Philadelphia’s Chinatown has been under assault since the 1970s, when the government knocked down homes to build the Vine Expressway. The destruction stopped only when members of the “Save Chinatown” movement lay in front of the bulldozers.

The Gallery mall, Market East train station, and Convention Center claimed more land, and in 2000 Mayor John Street sought to build the new Phillies ballpark in Chinatown. No one in city government, activists note, has ever suggested building a sports stadium in a wealthy neighborhood.

“It’s all connected,” said Alix Webb, executive director of AAU. “All of that is the same.”

This year, on March 21, two 17-year-old Indonesian girls were targeted by five youths who pushed, slapped, and punched them on the City Hall subway platform. Chinatown saw two assaults in three days in April, including a 27-year-old woman who was hospitalized after being struck in the face.

“If we don’t do anything, things will get worse,” said Chen, who served on the city Human Relations Commission. “If we do, we have hope for change.”

For Vergara, the worst has already happened.

The man who killed her dad served nine years and four months in prison for third-degree murder — then went back to his life. Her family has never been the same.

She thinks of how her father would adore her daughter, and imagines the grandfather he would have been, even as she struggles to recall the sound of his voice.

The fresh tide of Asian violence makes her wonder if there’s been any progress in 30 years. It’s clear “it’s not enough to just be kind anymore. If you don’t speak up or actively prevent racism, you are contributing.”

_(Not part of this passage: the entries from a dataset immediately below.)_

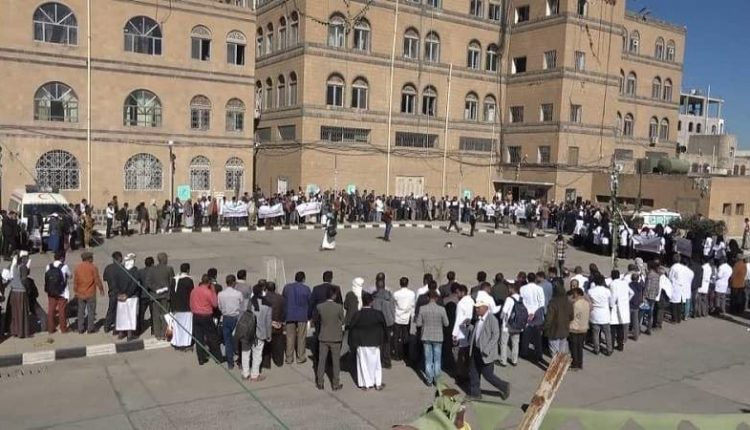 The Ministry of Public Health and Population organized a protest condemning the US-Saudi-Emirati escalation and the continuation of detention fuel tankers. The participants denounced preventing fuel tankers from entering the port of Hodeidah, despite obtaining UN permits and completing all examination procedures.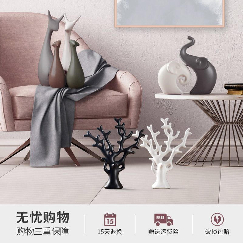 北欧风格家c居餐桌创意陶瓷小鹿摆设电视柜玄关客厅酒柜装饰品摆
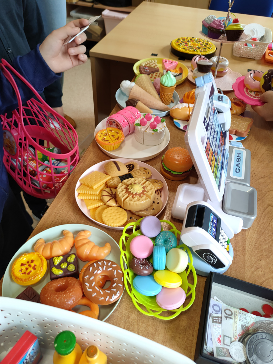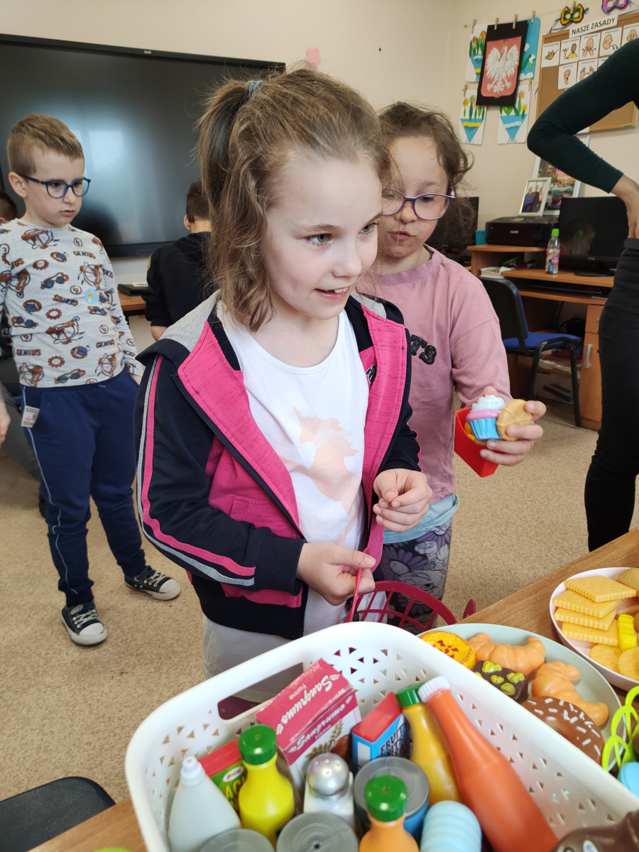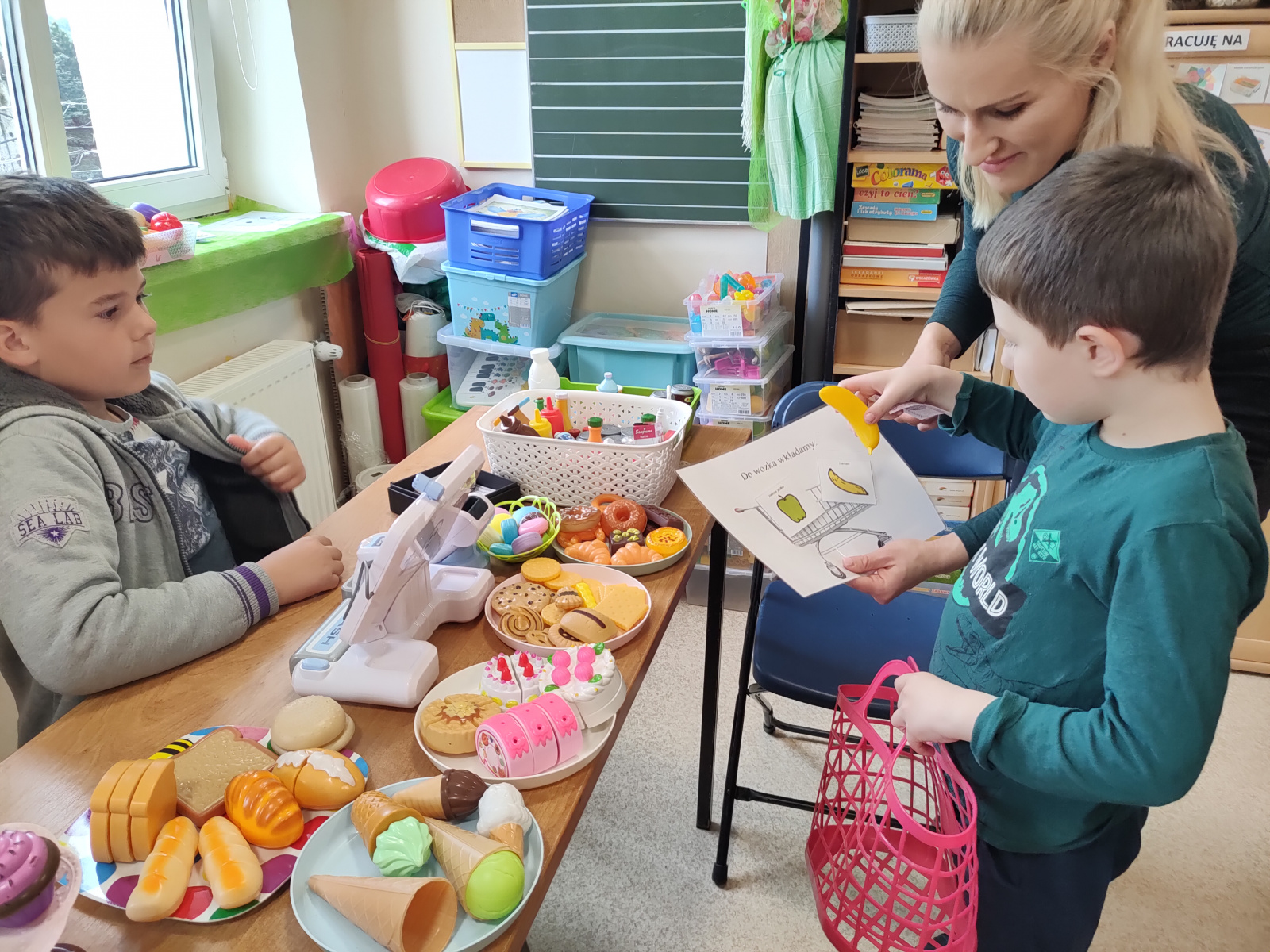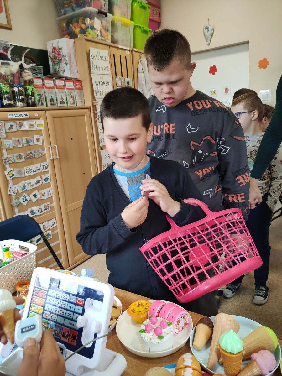 Uczniowie kl. I, II A oraz ZET I i ZET VI korzystając z bogatego asortymentu spożywczego wcielali się w rolę klienta i sprzedawcy. Uczyli się obsługiwać kasę fiskalną, terminal, formułować wypowiedzi do zaaranżowanej sytuacji, posługiwać się pieniędzmi, spokojnie wyczekiwać na swoją kolej. Aktywność ta cieszyła się ogromnym zainteresowaniem. Zabawie nie było końca… 🙂 Następnie uczniowie zdobytą wiedzę i umiejętności mieli okazję zastosować podczas zakupów w sklepie.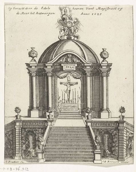 Editor: Here we have an engraving from 1775, illustrating the firework display held to celebrate the bicentennial of Leiden University. It’s titled "Podium voor het vuurwerk bij de viering van het Tweede Eeuwfeest van de Leidse Hogeschool, 1775," made by an anonymous artist. I'm immediately struck by the very deliberate structure, the formal balance and classical elements… what can you tell us about it? Curator: The image resonates deeply with its historical moment, a carefully constructed performance of civic pride. Think of this not merely as a depiction of a fireworks display, but as an articulation of Leiden University's identity. The symmetrical architecture, the allegorical figures – they're all signifiers. Editor: Signifiers of what exactly? I mean, the figures feel rather… stoic? Curator: Precisely. They evoke a sense of tradition and established knowledge. Consider the central female figure atop the structure; what cultural echoes does she summon? Editor: She’s holding what looks like a laurel, so… Victory? Wisdom? And isn’t that Minerva inside the archway? She represents wisdom and strategic warfare… maybe suggesting the University's intellectual strength as a defense for the city. Curator: Good. And consider how fire, traditionally a symbol of purification and transformation, intersects with this theme of academic enlightenment. It isn't random; the illuminations speak to aspirations. These spectacles affirmed existing social structures and power, didn’t they? Even the very act of memorializing it through engraving! Editor: I never thought of a fireworks display as being so… political. I was just imagining all the sparks and noise! Curator: These meticulously planned images cemented historical memory and affirmed shared cultural values, reflecting deep psychological and cultural currents. Always look beyond the surface! Editor: So much symbolism! It gives the piece a completely different context for me now. Thanks for pointing that out!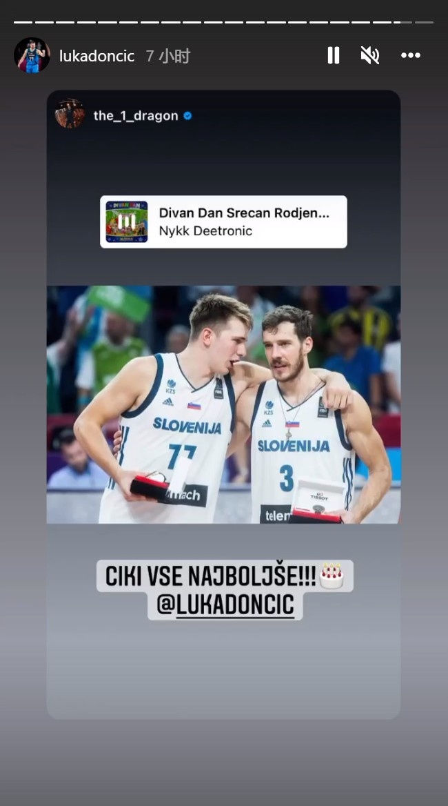 3月1日讯今天是独行侠球员东契奇的生日,斯洛文尼亚老乡、国家队队友德拉季奇更新Instagramstory为他送上祝福。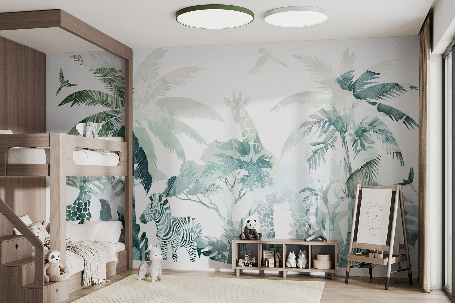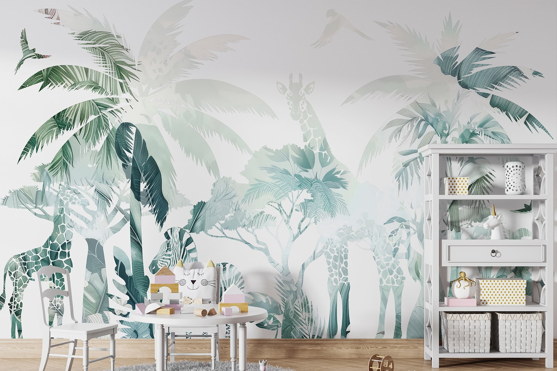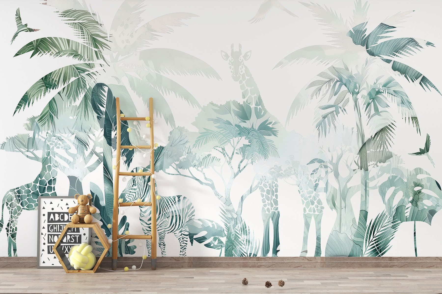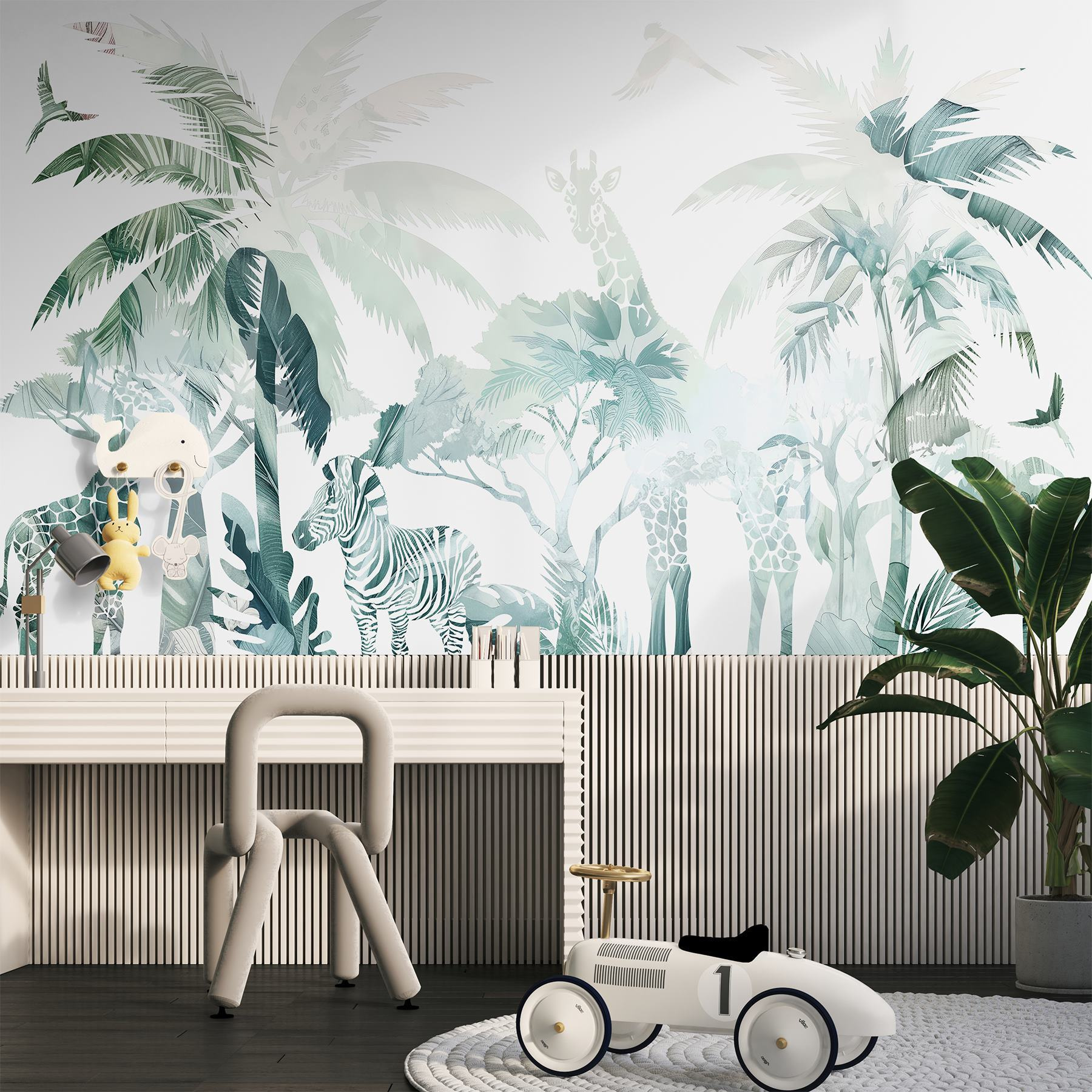 Verwandeln Sie Ihren Raum in einen ruhigen Zufluchtsort mit dieser atemberaubenden Fototapete, die eine Gruppe von Tieren in einem üppigen Wald zeigt. Stellen Sie sich vor, Sie schlendern jeden Tag durch einen ruhigen Dschungel – wie cool ist das denn? Diese Fototapete vereint sanfte Giraffen, verspielte Zebras und lebhafte Palmen und bringt einen Hauch von Naturzauber in Ihr Zuhause. Es eignet sich perfekt für ein gemütliches Wohnzimmer oder ein verspieltes Kinderzimmer und vermittelt ein Gefühl von Abenteuer und Wärme. Und stellen Sie sich vor, wie viel Spaß es machen würde, Ihren Freunden zu erklären, warum ein Zebra in Ihrem Flur steht! Eine einfache Möglichkeit, die Fantasie zu beflügeln und Freude im Alltag zu wecken.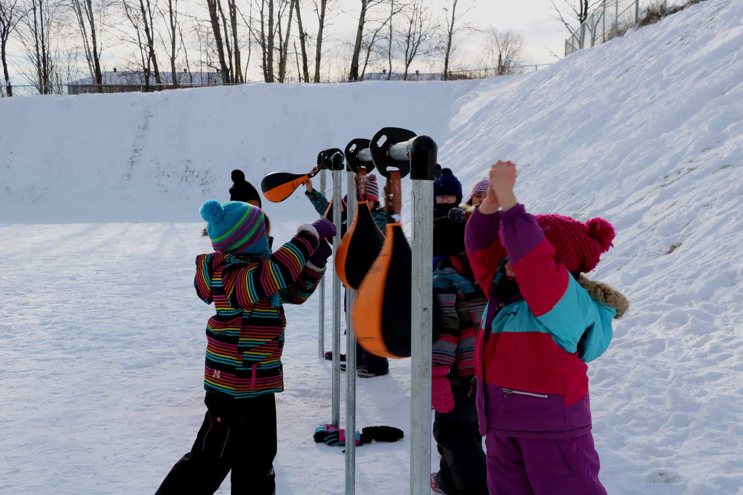 Les recherches sont unanimes : le simple fait de rendre disponible du matériel varié et en quantité suffisante contribue significativement à faire bouger les jeunes, et ce, peu importe le moment de l’année. D’ailleurs, la majorité du matériel utilisé lors des autres saisons (ballon, ballon-poire, accessoires de cirque, petites voitures, tapis de sol, etc.) peut également être utilisé en hiver. Certains intervenants innovent même en utilisant différemment le matériel, par exemple en se servant de ces seaux qui servent d’échasses pour les enfants et les utiliser dans la neige.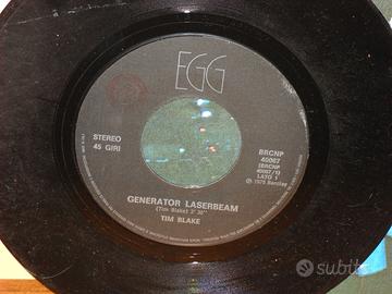 VINILE 45 GIRI – TIM BLAKE. VINILE ORIGINALE ANNO 1978 A MARCA BARCLAY. INTEGRO E PERFETTO IN TUTTE LE SUE PARTI. NON PRESENTA DIFETTI DI NESSUN TIPO. LATO 1 : GENERATOR LASERBEAM – LATO 2 : THE WOODLAND VOICE. OTTIMO, DA AMATORE.

» READ MORE: Community members gather for vigil, rally against anti-Asian hate | Photos

At 6, she didn’t understand death, didn’t understand why her father wasn’t coming back. Two years passed before she learned the details of his killing by digging through an aunt’s collection of newspaper articles.

Vergara remembers that some of the newspaper information was wrong. One story about the attack summed up her father’s life in a couple of paragraphs. It made her feel insignificant.

She dreamed of him once — the night he lay maimed in the hospital — and never again. And she’s never been back to Philadelphia.